Change in Error Rates Between Pre-Intervention and Post-Intervention Periods
When stratified by regimen type, significant error reductions in PI-based regimens (43.6% versus 28.7%, P < 0.01) and non–PI-based regimens (38.0% versus 24.4%, P = 0.02) were observed with use of COES. A greater than 50% reduction in single-pill combination ARV errors was also observed, albeit not statistically significant due to the small number of patients on this type of therapy (8.6% versus 3.9%, P = 0.35).
When stratified by drug class, a change in the composition of prescribing errors was observed between the two study periods (Figure 4). Prior to the introduction of COES, PI errors were the most common among the five ARV classes, accounting for 49.8% of 319 errors. Errors involving NRTIs were the next most common at 40.7%. With the use of COES, NRTI prescribing errors became the most common (53.9% of 167 errors), followed by PI errors (34.1%). The percentage of errors involving the remaining three classes of ARVs was not significantly different with or without implementation of COES.
Figure 4.
Compositions of ARV Errors During the Pre-Intervention (A) and Post-Intervention (B) Periods
CCR5 = chemokine (C-C motif) receptor 5 inhibitors; PI = protease inhibitor; NNRTIs = non-nucleoside reverse transcriptase inhibitors; NRTIs = nucleos(t)ide reverse transcriptase inhibitors
Closer examination of different types of errors within each drug class revealed wrong dose/frequency and drug-interaction errors with protease inhibitors were significantly reduced after the introduction of COES (Table 2).
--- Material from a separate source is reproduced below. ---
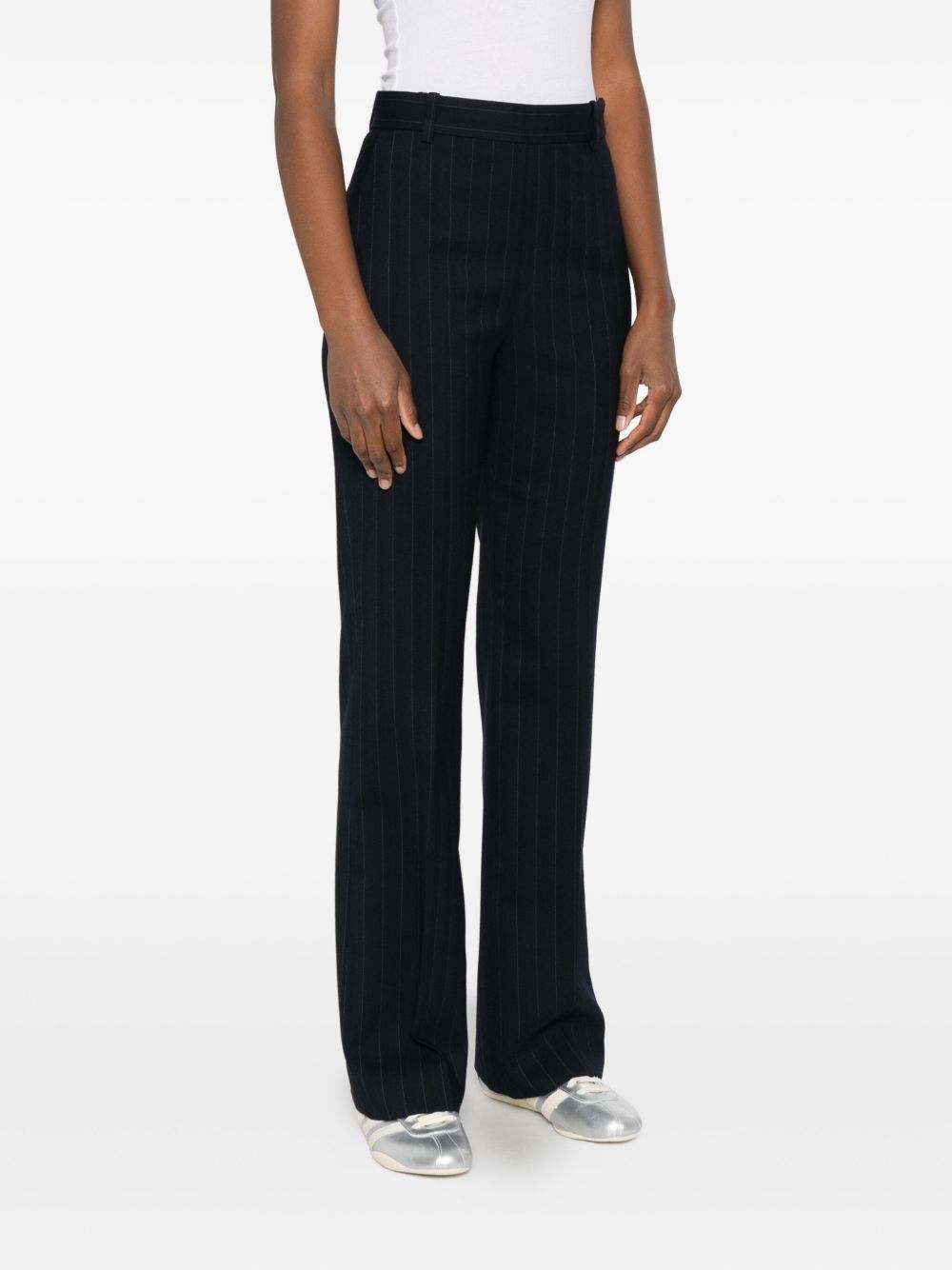 realizzato in tessuto gessato in lana pony, chiusura davanti nascosta, passanti in vita per cintura, tasca a filetto dietro, gamba dritta.

Errors related to NRTI dose adjustment due to renal dysfunction also significantly declined. Prescribing errors associated with NNRTIs, chemokine (C-C motif) receptor 5 (CCR5) inhibitors, and integrase inhibitors did not change significantly between the two study periods, most likely because of the small number of patients using these drug classes.
Table 2.
Prescribing Errors During Pre-Intervention and Post-Intervention Periods Stratified by Pharmacological Class
| Characteristics | Pre-Intervention Period (n = 723)a | Post-Intervention Period (n = 661)a | % Change | P Values |
|---|---|---|---|---|
| NRTI errors | ||||
| Wrong dose | 34 (4.7) | 26 (3.9) | −17.0 | 0.51 |
| Wrong frequency | 21 (2.9) | 27 (4.1) | +41.4 | 0.31 |
| Not renally dosed | 68 (9.4) | 35 (5.3) | −43.6 | < 0.01b |
| Drug interaction | 6 (0.8) | 2 (0.3) | −62.5 | 0.29 |
| NNRTI errors | ||||
| Wrong dose | 9 (1.2) | 2 (0.3) | −75.0 | 0.07 |
| Wrong frequency | 4 (0.6) | 4 (0.6) | 0.0 | 1.00 |
| Drug interaction | 5 (0.7) | 1 (0.2) | −71.4 | 0.22 |
| PI errors | ||||
| Wrong dose | 65 (9.0) | 16 (2.4) | −73.3 | < 0.01b |
| Wrong frequency | 30 (4.2) | 9 (1.4) | −66.7 | < 0.01b |
| Drug interaction | 63 (8.7) | 32 (4.8) | −44.8 | < 0.01b |
| CCR5 errors | ||||
| Wrong dose | 1 (0.1) | 2 (0.3) | +200.0 | 0.61 |
| Wrong frequency | 0 (0.0) | 0 (0.0) | 0.0 | 1.00 |
| Drug interaction | 1 (0.1) | 3 (0.5) | +400.0 | 0.35 |
| Integrase inhibitor errors | ||||
| Wrong dose | 1 (0.1) | 3 (0.5) | +400.0 | 0.35 |
| Wrong frequency | 8 (1.1) | 5 (0.8) | −27.3 | 0.58 |
| Drug interaction | 1 (0.1) | 0 (0.0) | −100.0 | 1.00 |
Data presented as n (%)
Statistically significant
CCR5 = chemokine (C-C motif) receptor 5 inhibitor; NNRTI = nonnucleoside reverse-transcriptase inhibitor; NRTI = nucleos(t)ide reverse-transcriptase inhibitor; PI = protease inhibitor
In addition to intervention period and internal medicine as admitting service, the variables of race, viral load greater than 40 copies/mL, and ARV regimen (all with P values of less than 0.20 on univariate analysis, Table 1) were included in the logistic regression analysis model. After controlling for potential confounders, pre-intervention period (adjusted odds ratio [AOR], 1.79; 95% confidence interval [CI], 1.39–2.31; P < 0.01) and PI-based ARV regimen (AOR, 2.03; 95% CI, 1.53–2.70, P < 0.01) remained significantly associated with ARV prescribing errors (Table 3).
Table 3.
Multivariate Logistic Regression Analysis of Factors Associated With Antiretroviral Prescribing Errors
| Variables | Adjusted OR (95% CI) | P Values |
|---|---|---|
| Pre-intervention period | 1.79 (1.39–2.31) | < 0.01* |
| African-American | 0.96 (0.74–1.23) | 0.73 |
| Viral load > 40 copies/mL | 0.79 (0.61–1.02) | 0.07 |
| PI-based ARV regimen | 2.03 (1.53–2.70) | < 0.01* |
| Admitted to Internal Medicine | 1.02 (0.77–1.36) | 0.88 |
Statistically significant
ARV = antiretroviral; OR = odds ratio; PI, protease inhibitor
DISCUSSION
It is becoming increasingly difficult for physicians to stay abreast of changes in HIV drug management. The expanding number of ARVs approved by the Food and Drug Administration and the potential number of drug combinations, as well as frequent changes in clinical practice guidelines, can be overwhelming to medical providers. Improved measures to assist prescribers with error prevention are much needed.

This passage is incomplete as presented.